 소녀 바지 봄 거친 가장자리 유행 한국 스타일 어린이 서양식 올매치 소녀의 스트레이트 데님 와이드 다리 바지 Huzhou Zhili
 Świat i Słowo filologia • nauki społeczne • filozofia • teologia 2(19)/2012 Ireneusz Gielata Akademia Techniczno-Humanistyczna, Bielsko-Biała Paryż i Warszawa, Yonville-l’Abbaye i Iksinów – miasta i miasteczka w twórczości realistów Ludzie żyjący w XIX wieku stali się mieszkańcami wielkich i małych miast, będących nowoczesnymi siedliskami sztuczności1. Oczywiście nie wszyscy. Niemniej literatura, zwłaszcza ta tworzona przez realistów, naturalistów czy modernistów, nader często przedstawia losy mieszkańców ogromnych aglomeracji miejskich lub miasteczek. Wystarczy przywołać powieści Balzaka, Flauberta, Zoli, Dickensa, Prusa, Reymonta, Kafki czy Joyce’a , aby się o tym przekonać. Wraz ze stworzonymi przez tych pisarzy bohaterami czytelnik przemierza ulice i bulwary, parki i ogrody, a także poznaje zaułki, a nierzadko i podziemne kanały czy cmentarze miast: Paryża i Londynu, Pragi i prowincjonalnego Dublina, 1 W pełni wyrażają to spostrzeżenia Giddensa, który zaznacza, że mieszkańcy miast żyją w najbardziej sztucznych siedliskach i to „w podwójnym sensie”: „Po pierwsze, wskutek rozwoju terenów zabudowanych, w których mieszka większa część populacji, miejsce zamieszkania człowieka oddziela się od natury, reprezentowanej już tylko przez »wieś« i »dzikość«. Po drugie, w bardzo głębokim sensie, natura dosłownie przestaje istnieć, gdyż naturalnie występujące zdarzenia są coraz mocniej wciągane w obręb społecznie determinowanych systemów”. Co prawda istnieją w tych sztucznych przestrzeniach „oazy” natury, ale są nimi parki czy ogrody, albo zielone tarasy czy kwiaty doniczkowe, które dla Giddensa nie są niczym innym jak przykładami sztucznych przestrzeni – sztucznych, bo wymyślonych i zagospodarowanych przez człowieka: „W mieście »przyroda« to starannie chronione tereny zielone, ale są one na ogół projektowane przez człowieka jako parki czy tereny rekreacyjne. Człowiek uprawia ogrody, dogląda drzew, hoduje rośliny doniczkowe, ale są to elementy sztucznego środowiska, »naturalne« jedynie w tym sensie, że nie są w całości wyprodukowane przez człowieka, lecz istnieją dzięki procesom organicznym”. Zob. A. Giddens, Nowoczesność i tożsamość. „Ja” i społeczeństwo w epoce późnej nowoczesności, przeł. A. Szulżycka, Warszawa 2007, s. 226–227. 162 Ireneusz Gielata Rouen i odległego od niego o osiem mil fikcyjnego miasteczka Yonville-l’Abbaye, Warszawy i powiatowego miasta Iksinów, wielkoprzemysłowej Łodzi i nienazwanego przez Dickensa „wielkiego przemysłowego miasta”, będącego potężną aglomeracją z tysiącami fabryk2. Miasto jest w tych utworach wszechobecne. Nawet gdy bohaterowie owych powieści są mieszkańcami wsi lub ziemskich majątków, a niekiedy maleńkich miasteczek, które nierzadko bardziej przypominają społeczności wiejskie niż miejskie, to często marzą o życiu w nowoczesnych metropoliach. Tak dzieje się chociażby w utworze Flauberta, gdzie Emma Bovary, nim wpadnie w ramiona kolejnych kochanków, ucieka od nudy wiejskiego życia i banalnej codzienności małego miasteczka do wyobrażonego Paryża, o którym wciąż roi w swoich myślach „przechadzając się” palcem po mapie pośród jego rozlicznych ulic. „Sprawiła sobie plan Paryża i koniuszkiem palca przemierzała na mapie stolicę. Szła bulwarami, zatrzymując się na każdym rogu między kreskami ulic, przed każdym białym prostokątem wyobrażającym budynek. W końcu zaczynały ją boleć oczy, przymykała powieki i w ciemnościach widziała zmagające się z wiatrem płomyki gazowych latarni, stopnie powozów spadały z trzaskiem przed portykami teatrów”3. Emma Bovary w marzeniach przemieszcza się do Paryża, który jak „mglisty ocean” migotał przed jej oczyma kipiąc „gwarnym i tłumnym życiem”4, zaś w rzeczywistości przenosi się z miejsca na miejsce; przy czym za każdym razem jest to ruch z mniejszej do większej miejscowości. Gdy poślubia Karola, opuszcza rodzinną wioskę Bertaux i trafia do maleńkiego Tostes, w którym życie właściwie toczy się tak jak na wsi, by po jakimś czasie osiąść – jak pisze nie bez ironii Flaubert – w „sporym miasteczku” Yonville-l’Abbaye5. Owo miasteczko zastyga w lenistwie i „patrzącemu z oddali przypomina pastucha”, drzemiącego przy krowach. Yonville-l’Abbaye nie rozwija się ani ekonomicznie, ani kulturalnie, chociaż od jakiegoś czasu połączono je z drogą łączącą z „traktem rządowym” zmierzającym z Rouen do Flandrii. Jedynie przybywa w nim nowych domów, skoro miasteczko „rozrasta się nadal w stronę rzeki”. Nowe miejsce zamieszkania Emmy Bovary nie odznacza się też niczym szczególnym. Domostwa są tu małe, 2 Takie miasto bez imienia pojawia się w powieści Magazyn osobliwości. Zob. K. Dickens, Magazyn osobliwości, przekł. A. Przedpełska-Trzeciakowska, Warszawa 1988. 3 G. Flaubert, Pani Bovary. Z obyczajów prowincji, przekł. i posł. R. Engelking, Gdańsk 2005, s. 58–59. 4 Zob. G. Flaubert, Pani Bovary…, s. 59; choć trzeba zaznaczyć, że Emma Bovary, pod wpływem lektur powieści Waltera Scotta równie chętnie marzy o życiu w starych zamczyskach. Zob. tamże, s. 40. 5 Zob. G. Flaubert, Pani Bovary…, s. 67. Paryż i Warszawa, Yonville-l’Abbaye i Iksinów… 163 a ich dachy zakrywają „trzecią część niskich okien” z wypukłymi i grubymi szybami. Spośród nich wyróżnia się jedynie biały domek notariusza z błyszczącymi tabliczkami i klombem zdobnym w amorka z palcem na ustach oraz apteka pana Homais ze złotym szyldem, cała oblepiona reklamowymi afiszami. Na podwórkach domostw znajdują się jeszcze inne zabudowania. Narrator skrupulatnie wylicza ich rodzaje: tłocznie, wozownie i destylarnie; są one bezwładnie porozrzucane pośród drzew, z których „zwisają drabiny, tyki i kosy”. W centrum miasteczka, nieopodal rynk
==
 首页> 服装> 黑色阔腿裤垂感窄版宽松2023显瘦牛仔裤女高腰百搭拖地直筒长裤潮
...
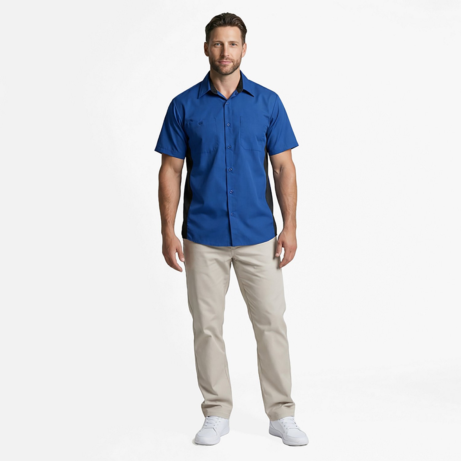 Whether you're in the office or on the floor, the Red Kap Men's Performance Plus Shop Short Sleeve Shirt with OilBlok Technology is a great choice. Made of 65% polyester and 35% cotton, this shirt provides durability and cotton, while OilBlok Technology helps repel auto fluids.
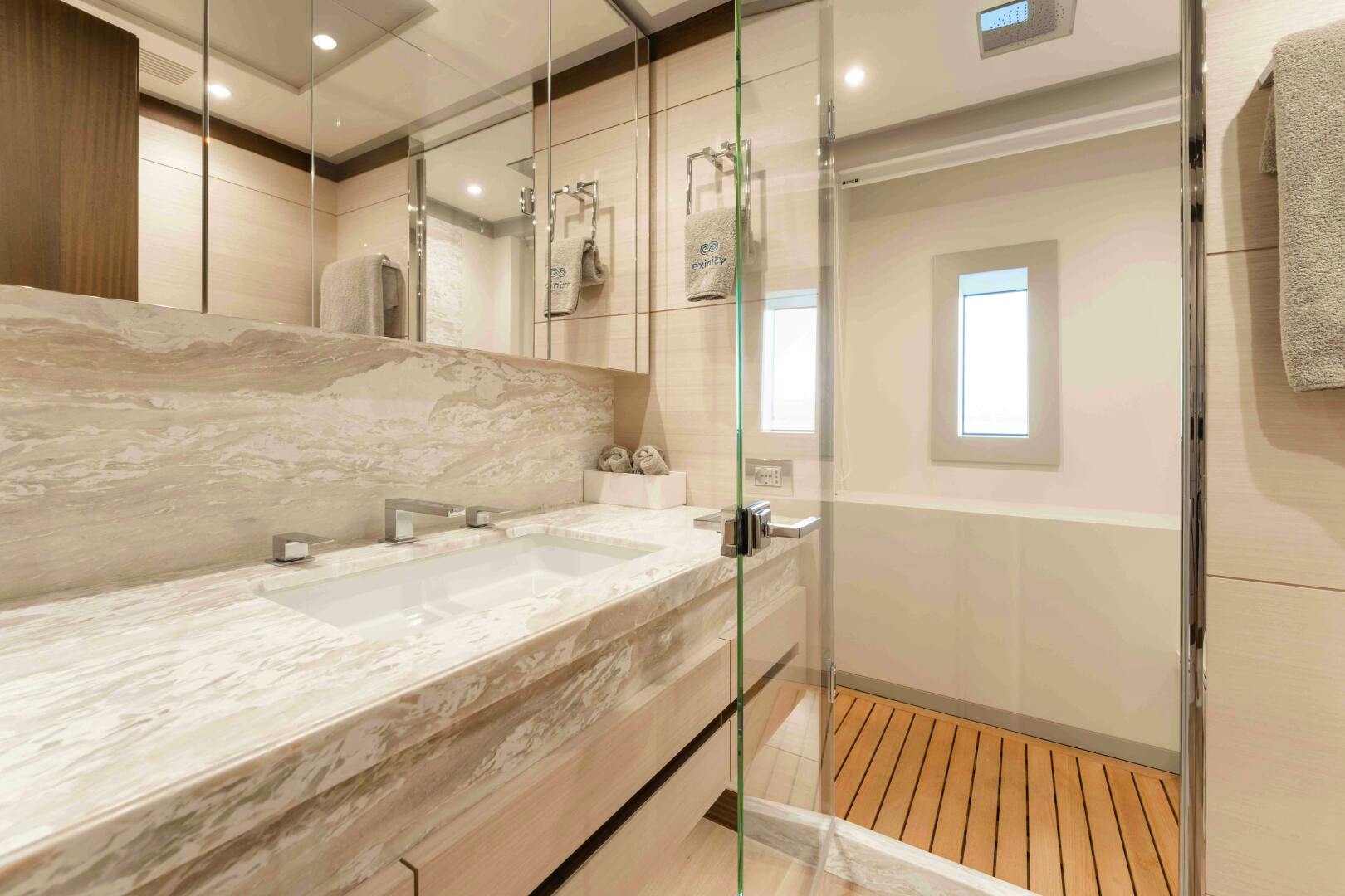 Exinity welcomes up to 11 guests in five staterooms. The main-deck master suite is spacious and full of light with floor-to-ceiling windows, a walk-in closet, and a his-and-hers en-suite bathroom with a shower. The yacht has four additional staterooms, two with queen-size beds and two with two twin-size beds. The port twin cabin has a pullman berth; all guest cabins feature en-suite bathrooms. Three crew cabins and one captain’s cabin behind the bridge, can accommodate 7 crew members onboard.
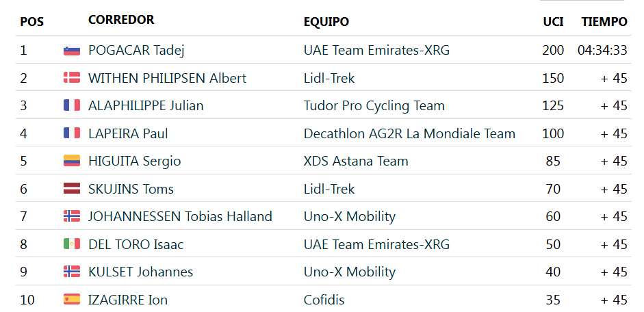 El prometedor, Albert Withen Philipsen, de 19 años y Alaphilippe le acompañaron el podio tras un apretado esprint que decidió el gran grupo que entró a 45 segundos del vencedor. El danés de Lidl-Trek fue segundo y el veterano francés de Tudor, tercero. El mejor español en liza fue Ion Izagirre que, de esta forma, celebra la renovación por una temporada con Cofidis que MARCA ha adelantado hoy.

Task to carry out:
Using the records above, return word for word the lines that begin at the one containing "Whether you're in" and end at the one containing "Exinity welcomes up", both of them included and no pictures.

Exercise output:
 Whether you're in the office or on the floor, the Red Kap Men's Performance Plus Shop Short Sleeve Shirt with OilBlok Technology is a great choice. Made of 65% polyester and 35% cotton, this shirt provides durability and cotton, while OilBlok Technology helps repel auto fluids.
 Exinity welcomes up to 11 guests in five staterooms. The main-deck master suite is spacious and full of light with floor-to-ceiling windows, a walk-in closet, and a his-and-hers en-suite bathroom with a shower. The yacht has four additional staterooms, two with queen-size beds and two with two twin-size beds. The port twin cabin has a pullman berth; all guest cabins feature en-suite bathrooms. Three crew cabins and one captain’s cabin behind the bridge, can accommodate 7 crew members onboard.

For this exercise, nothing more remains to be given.